The IRS continues to complain they have a lack of funds and staffing and ever-increasing responsibilities. Yet every year they waste billions of dollars by sending out bogus tax refunds, many of which were loaded with red flags.
The Business of Fraudulent Tax Refunds
Filing fraudulent tax returns has become big business. Why risk shoplifting at Walmart for a few bucks, when from the comfort of your home, you can get the government to mail thousands of dollars to your doorstep? Many of the fake tax returns include stolen Social Security numbers, are filed by what auditors call “unauthorized immigrant workers,” or prison inmates or people outside the country with with no U.S. income. It all adds up to massive fraudulent refunds which should never have should have been paid. But they were… apparently without so much as the raise of an IRS eyebrow.
Part of the problem is electronic filing, which makes it all too easy, fast, and anonymous. The IRS also attributes some of the blame to the complexity of the tax code. We can all agree with that one. While the IRS didn’t seem to notice all those bogus refunds going out, another agency did notice… after the fact.
The Treasury Inspector General for Tax Administration (TIGTA) serves as a public watchdog, and has taken the IRS to the woodshed, again and again for a long list of failures. According to a report in July of 2012 TIGTA says the IRS paid fraudulent refunds amounting to $3.6 billion in 2011. That’s bad.
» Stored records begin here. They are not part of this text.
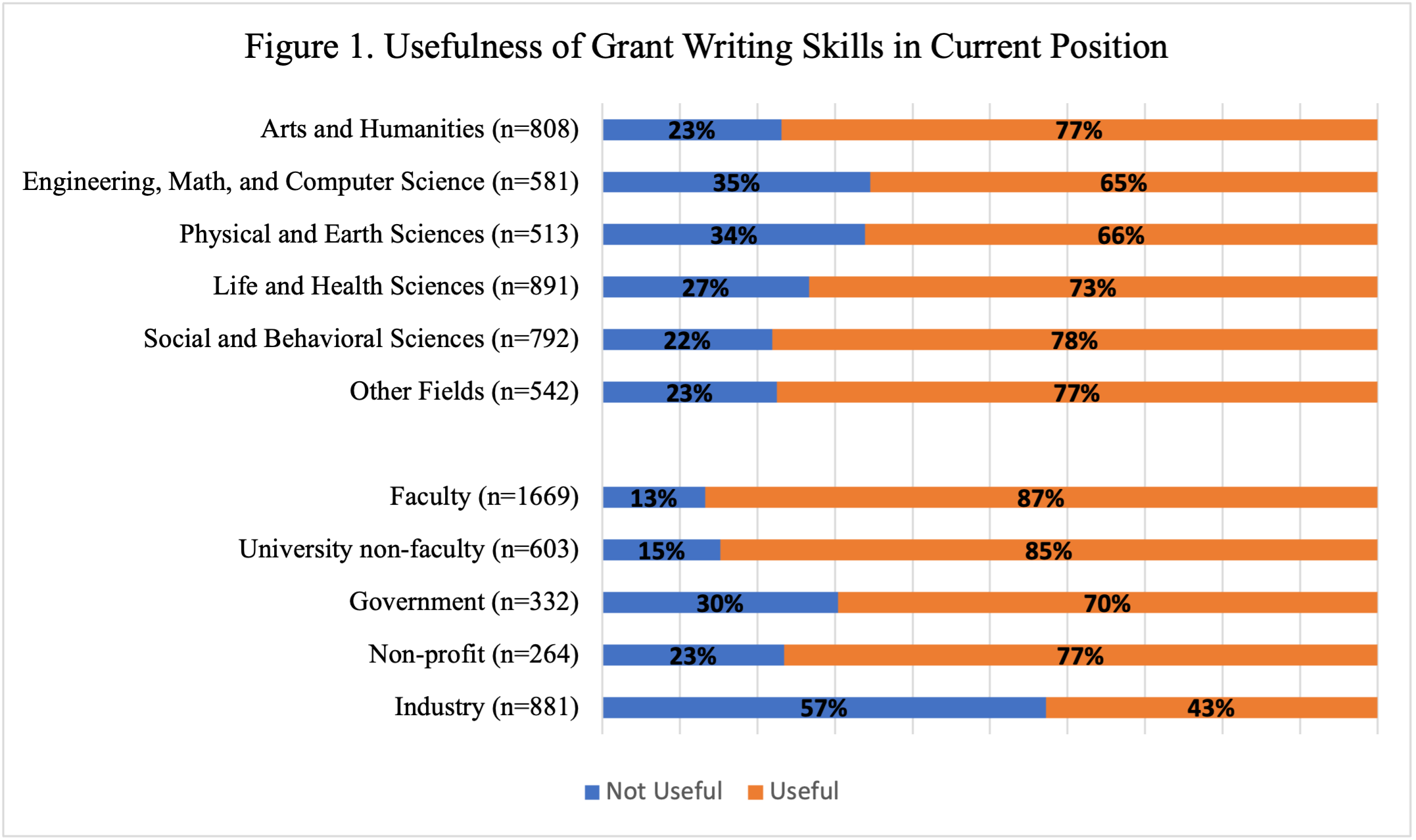 Usefulness of Grant Writing. Within each broad PhD field of study, most PhD alumni found professional development in grant writing to be useful. Across fields of study and all job sectors, except for industry, the majority of PhDs report- ed that preparation in grant writing was useful (Figure 1). Figure 1 displays the percentage of participants by job type and discipline who indicated that grant writing skills were or were not useful in their current position.
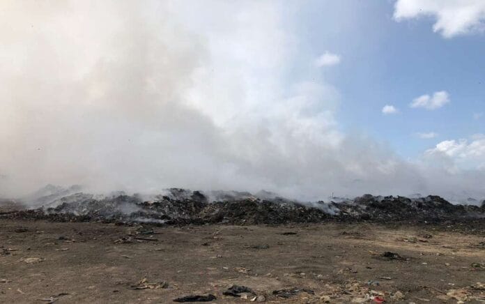Se trabajó en delimitar el área afectada por el fuego para evitar que se extendiera a otra zona del relleno sanitario. Esta actividad no afecta el uso del basurero municipal.
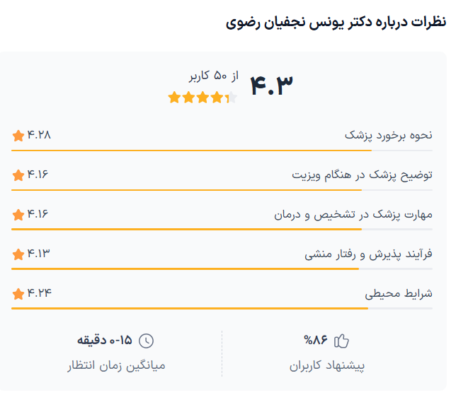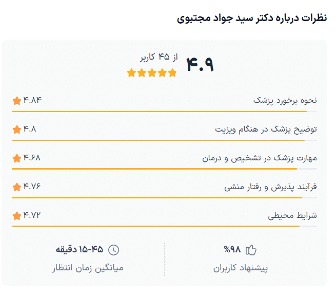 در این مقاله 5 تا آدرس بهترین دکتر طب سوزنی در مشهد را که منتخب مراجعین امسال و همشهری های مشهدی بودند را بررسی کردیم. همچنین نمونه های منتشر شده و نظرات مراجعین را برای هر پزشک دیدید. می توانید امتیاز بندی نهایی جدول زیر را به عنوان جمع بندی مقاله “بهترین دکتر طب سوزنی در مشهد” در نظر بگیرید.
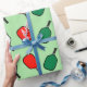 Empaquetamiento de regalo creativo con tema de pickleball o decoración fiesta con un patrón de remo rojo, verde y blanco.
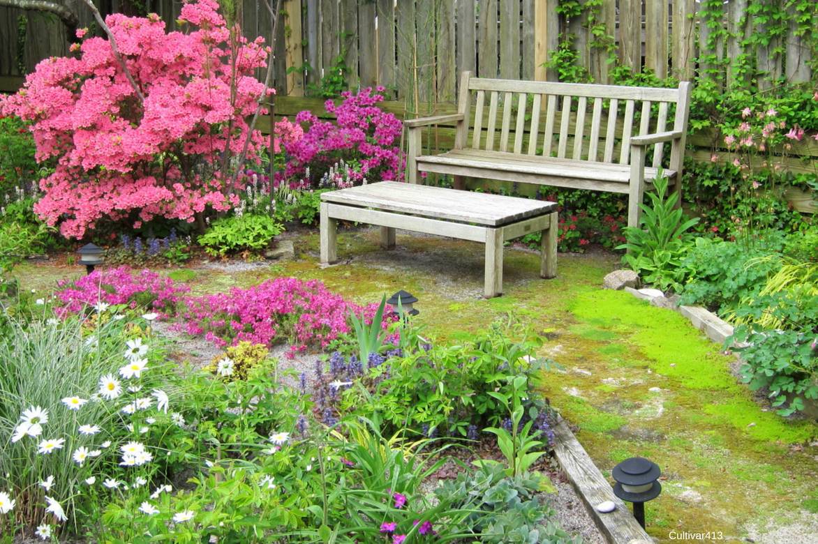 Un exemple d’association : Leucanthemum vulgare, Tradescantia, Pholx subulata ‘Scarlet Flame’, Ajuga, Tiarella ‘Spring Symphony’, Azalea ‘Kirin’ et ‘Herbert’, Aquilegia vulgaris.
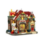 Villa Tienda de Velas hecho con una combinacion de resina y ceramica, un coleccionable que es una encatadora tienda de velas, llamada Kristin Candle Shop, que está adornada en su exterior con mágicas velas de multiples tamaños que se enciendan junto a una excena interior. Añade esta tienda a tu colección de villas que le dará un ambiente mágico. Incluye cable USB para conexión y a su vez se puede conectar a pilas utilizando 3AA (pilas y transformador no incluido)
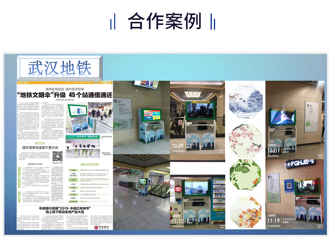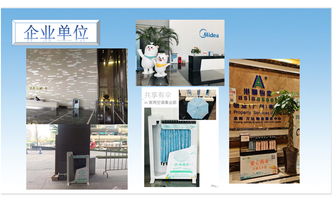 共享雨傘使用場景:酒店、地鐵、學校、機場、景區、銀行、咖啡廳、火車站、電影院、商鋪等。
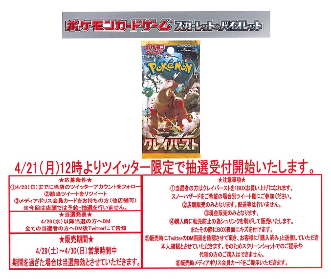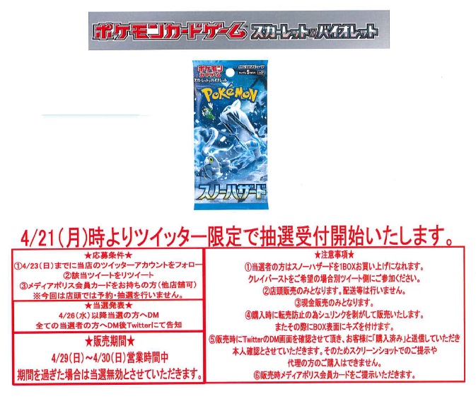 スノーハザード・クレイバーストの抽選販売を行います!
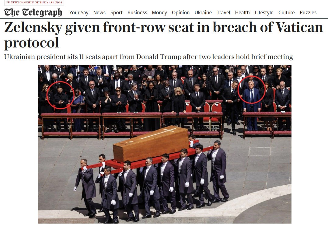 Ватикан нарушил протокол похорон папы римского ради Владимира Зеленского – The Telegraph
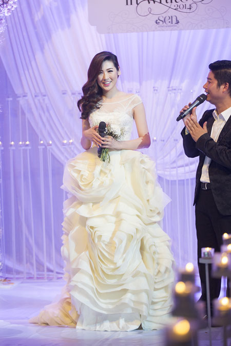 Nhờ gương mặt đẹp, Á hậu Tú Anh thường được các nhà thiết kế áo cưới trong nước yêu thích gửi gắm cô trình diễn những mẫu thiết kế mới nhất. Vì thế Tú Anh được dịp diện áo cưới thỏa thích. Chiếc váy cưới đặc biệt này gắn 20 kim cương cắt bằng lưỡi dao công nghệ đỉnh cao biến hóa nàng hậu thành một cô công chúa thứ thiệt.
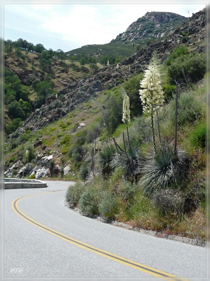 Um 9 Uhr passieren wir die Entrance Station zum Kings Canyon NP. Der Canyon selber ist übrigens tiefer als der Grand Canyon. Der Kings Canyon Scenic Byway, der „dead end“ in den Park führt, schraubt sich knapp 1.200 Meter hoch, um dann fast dieselbe Höhe wieder in den Canyon hinabzuführen. Dementsprechend ist heute wieder allerfeinstes Serpentinen fahren angesagt. Heute sitzt Caro am Steuer und sie rächt sich für gestern.
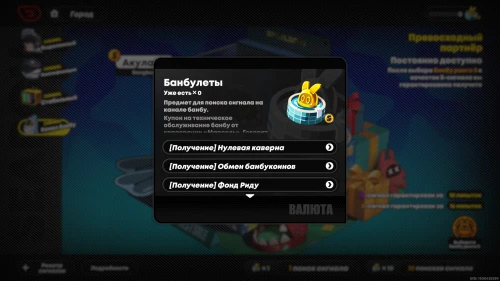 На данный момент времени это главный и единственный способ получения новых банбу в игре. Доступ к «Каналу банбу: Превосходный партнер» открывается на 16-м уровне Интернота во время выполнения «Главы 1: интермедия». Для выполнения круток в нем используются банбулеты – особая валюта, выдаваемая за прохождение Нулевой каверны, в качестве награды за события, при обмене в магазине «Реестр сигналов» и так далее. Подробнее обо всех способах можете прочитать в нашей отдельной статье.
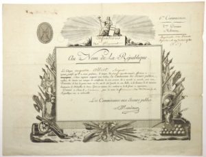 BREVET DES DEUX ÉPÉES. Décoration militaire : Duplicata du Brevet expédié le 29 Juillet 1780, au citoyen Augustin ALBERT Sergent, ayant justifié qu’il a servi pendant le temps de 24 années effectives et s’étant toujours comporté avec valeur. Le Commission de Secours publics lui accorde le droit de porter sur le coté gauche de son habit, à la hauteur de la troisième boutonnière, le Médaillon des Deux Épées en sautoir, donné à PARIS le 6 Frimaire an 3 (27 Oct. 1794) - 30° Régiment d’Infanterie - Grand Brevet gravée décoratif (42 x 32)

But it’s actually a great improvement from the year before when they gave away $5.2 billion.
TIGTA, Not the IRS, Catches Errors
The majority of taxpayers perceive the IRS as catching every tiny error of any kind, made by those of us who are not thieves. So it’s hard to believe blatant fraud gets rewarded with undeserved refund checks, but it’s true.
Here’s an excerpt from the TIGTA report.
“We identified more than 141,000 tax year 2011 tax returns filed with ITINs [individual tax identification numbers] that have the same characteristics as IRS-confirmed identity theft tax returns involving an ITIN. Potentially fraudulent tax refunds issued for these undetected tax returns totaled approximately $385 million.”
The report also showed:
- Though multiple refunds were sent to the same bank account, the IRS either failed to notice, or failed to take action.
- Tens of millions of dollars were paid in fraudulent refunds filed to “unauthorized immigrant workers.”
- Most startling is, of those bogus refunds, 23,944 were mailed to one single address in Atlanta, Georgia. Those refunds totaled $46,378,040.
- While Atlanta was the worst geographic location for this type of fraud, there were many runner-up cities, mostly in California, North Carolina, Arizona, and Florida, where thousands of fake returns resulted in millions of dollars in bogus refunds paid to single addresses.
It’s true the amount of bogus refunds in the last available TIGTA report is staggering, at $3.6 billion. But it does show a significant improvement from the previous year’s total of $5.2 billion. This could mean that scrutiny from TIGTA and from the public is having a positive effect on the inner-workings of the IRS. Combined with a relentless flow of bad news throughout 2013, this scrutiny has brought pressure to bear on the tax agency, which, we hope will keep the fraud statistics moving in the right direction.